There’s more. Fishermen around here tend to see clearer when underwater than on land while for their part, the native hunters in Botswana can easily find water in ‘pans’ – rain-filled depressions in the sand. They do this through techniques they’ve perfected over years from surviving in the desert during the dry seasons after the water-holes of the Kalahari sand-face turns to dust. For their part, the Hadza hunter-gatherers (whose primary meal till this day remains raw honey) enjoy a mutually helpful relationship with the honey guide bird, which leads them to wild bees’ hives.
Listen To The Animals
The bird calls to the hunters, who whistle back to it. It flits from tree to tree, stopping to wait for hunters to catch up, until it eventually leads them to a hive, often high in the boughs of a baobab tree. The hunters then climb the tree and with burning grass, smoke the bees out from the hive. The bird is rewarded with the honeycomb leftovers; because responsibility and reciprocity are vital requirements for survival in the woods. I heard an old Hadza saying once, “no matter how far lost you are, the honey guide will find you and lead you safely home”.
Spiritual Powers
In my native community, it is believed that Ala–the sacred feminine and Earth goddess–gifts select hunting bloodlines the spiritual powers to shapeshift into various animals while on a hunt. This might seem mind-boggling to you so I’ll take that again. In my community, some hunters have the ability to take the shape of the animals they hunt as a means of fooling the animals as well as keeping members of their hunting bands safe. Wild, but true.

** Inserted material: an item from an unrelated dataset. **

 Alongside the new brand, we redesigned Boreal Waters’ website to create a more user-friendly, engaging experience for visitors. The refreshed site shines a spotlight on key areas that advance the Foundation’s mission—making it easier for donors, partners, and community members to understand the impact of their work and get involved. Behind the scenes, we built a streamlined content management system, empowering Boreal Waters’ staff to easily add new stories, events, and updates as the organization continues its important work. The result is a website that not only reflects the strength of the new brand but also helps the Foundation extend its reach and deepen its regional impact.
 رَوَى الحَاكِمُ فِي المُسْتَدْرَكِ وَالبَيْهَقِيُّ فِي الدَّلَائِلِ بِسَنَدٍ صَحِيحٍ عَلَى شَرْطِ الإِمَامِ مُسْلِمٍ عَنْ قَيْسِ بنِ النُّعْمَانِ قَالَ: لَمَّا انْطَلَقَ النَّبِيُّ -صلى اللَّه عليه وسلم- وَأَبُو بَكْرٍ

Certain families in my community (to date) still retain this gift and it gets stronger or weaker depending on a generation’s affinity for hunting. Unfortunately (or fortunately as far as my Mom believes) this ability wasn’t bestowed upon my bloodline regardless of how badly we craved it.

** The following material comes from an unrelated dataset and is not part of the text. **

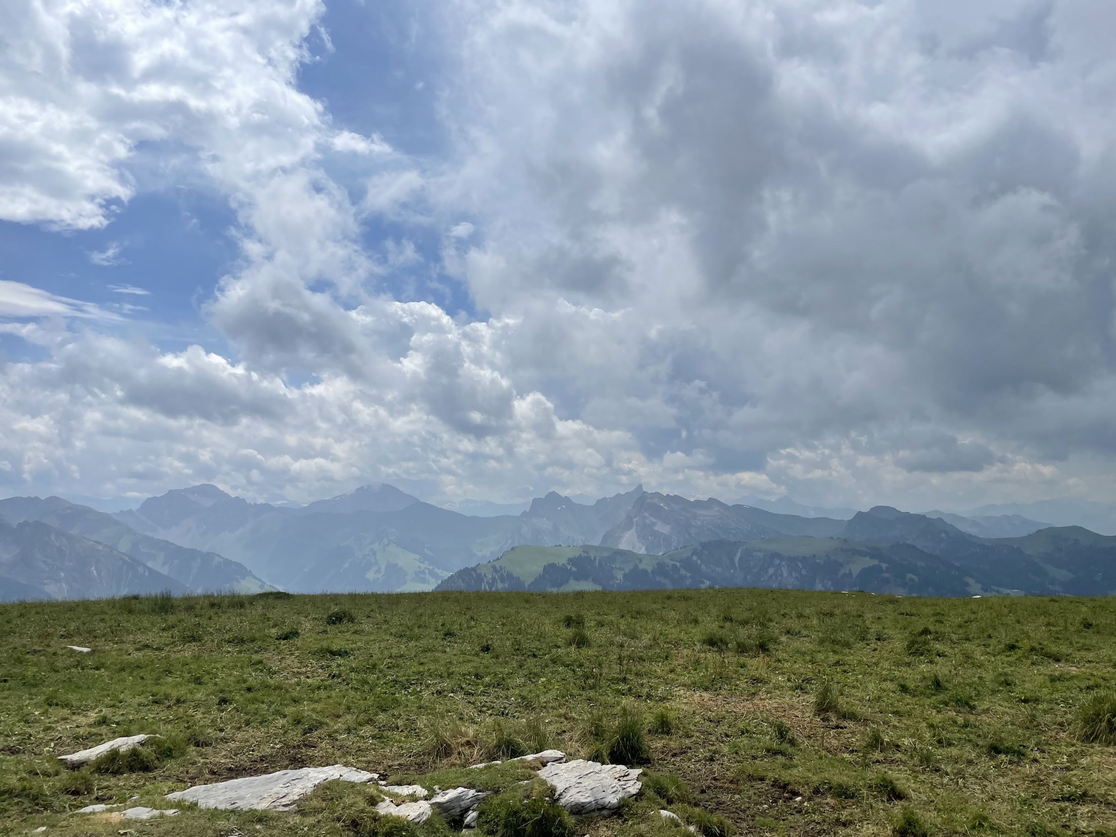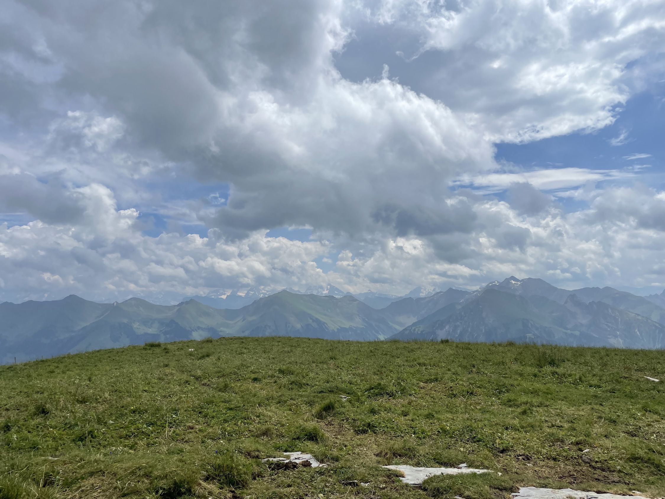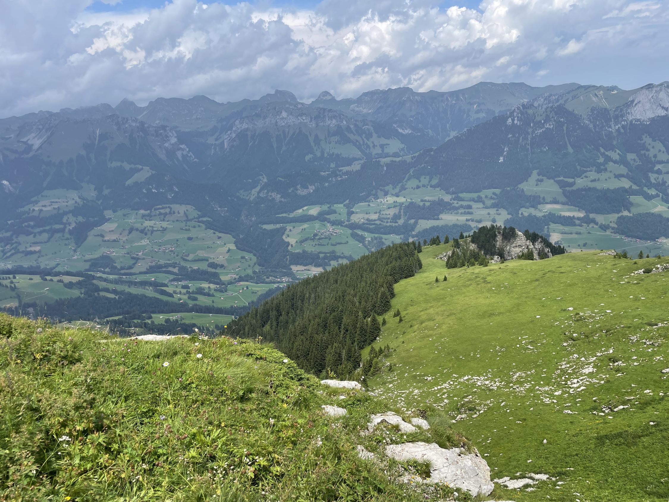 Schon länger wollte ich wieder mal auf den Turnen, im Winter ist das ja keine verlässliche Skitour mehr, der Südausrichtung und den wärmeren Wintern zufolge. Heute aber war es soweit, mit dem Auto bis unterhalb PP Meniggrat und von da aus steigt es gleich zünftig an, nicht schwierig, aber heute war alles völlig nass von den schweren Gewittern des Vortages. Aufstieg problemlos und oben auch sehr schön mit Aussicht ins Herz des Diemtigtals. Am Gipfel informierte mich die Wetterapp, dass in 30 Minuten ein heftiges Gewitter kommen werde, was ich aufgrund des Blicks westwärts auch glaubte. Also hopp sofort wieder runter, um die oberen Alphütten und die Alpstrasse noch zu erreichen. Letztere bevorzugte ich nämlich zum Abstieg, um die nassen steilen Stellen im Wald zu umgehen. Das bewährte sich und obendrein zog das Gewitter Richtung Adelboden, ich erreichte trockenen Hauptes das Auto.

All these go to show why native hunters on this continent still know better than most that the delicate balance of man and nature is best maintained through respect for its limits as well as ours. Armed with the barest supplies and a handful of tricks, these traditional hunters continue to defend their lives and protect their lands, to ensure that their extraordinary skills and knowledge, still so relevant today, are not lost to the world.